The Funding of State and Local Pensions: 2015-2020

The brief’s key findings are:

  • In 2015, the funded ratio of state and local pensions using traditional accounting rules, with smoothed asset values, rose from 73 percent to 74 percent.
  • The funded ratio using new accounting rules, with market value, declined slightly.
  • Required contributions continued to climb in 2015, but plans also stepped up their payments from 86 percent to 91 percent of the required amount.
  • The funding outlook suggests steady improvement if plans realize expected returns, but a downward drift if returns fall short, as many financial experts predict.

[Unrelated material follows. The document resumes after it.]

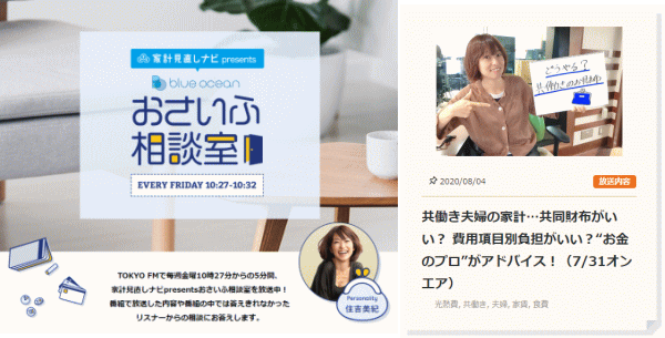 | 2020年7月31日 10:30〜 TOKYO FMの生ワイド番組「住吉美紀のBlue Ocean」家計見直しナビ presents ”おさいふ相談室”に出演いたしました。「共働き夫婦の家計…共同財布がいい?費用項目別負担がいい?”お金のプロ”がアドバイス!」お話させていただきました。 |

The Funding of State and Local Pensions: 2014-2018

The brief’s key findings are:

  • During 2014, public plans adopted new accounting standards for reporting purposes but continued to use the traditional standards for funding purposes.
  • The traditional funded ratio rose from 72 percent in 2013 to 74 percent in 2014 – the first improvement since the financial crisis.
  • Required contributions continued to climb in 2014, but plans stepped up their payments from 82 percent to 88 percent of the required amount.
  • The outlook for the next several years suggests continued steady improvement in funding unless plans experience lower than assumed asset returns.

The Funding of State and Local Pensions: 2013-2017

The brief’s key findings are:

  • Despite a strong stock market, the funded status of public plans in 2013 remained unchanged at 72 percent for two reasons:
    • actuarially smoothed assets grew modestly; and
    • CalPERS, one of the nation’s largest plans, significantly revised its reported funded ratio.
  • An encouraging sign is that sponsors appear to be paying a larger share of their annual required contribution.
  • Going forward, the funded ratio is projected to gradually move above 80 percent, assuming historical stock market returns.

The Funding of State and Local Pensions: 2012-2016

The brief’s key findings are:

  • During 2012, using current GASB standards, the funded status of public plans declined slightly from 75 percent to 73 percent.
  • This decline reflected slow asset growth, which was only partly mitigated by reduced liability growth.
  • States and localities also continued to fall short on their annual required contribution payments.
  • Going forward, the funded ratio is projected to gradually move above 80 percent, assuming a healthy stock market.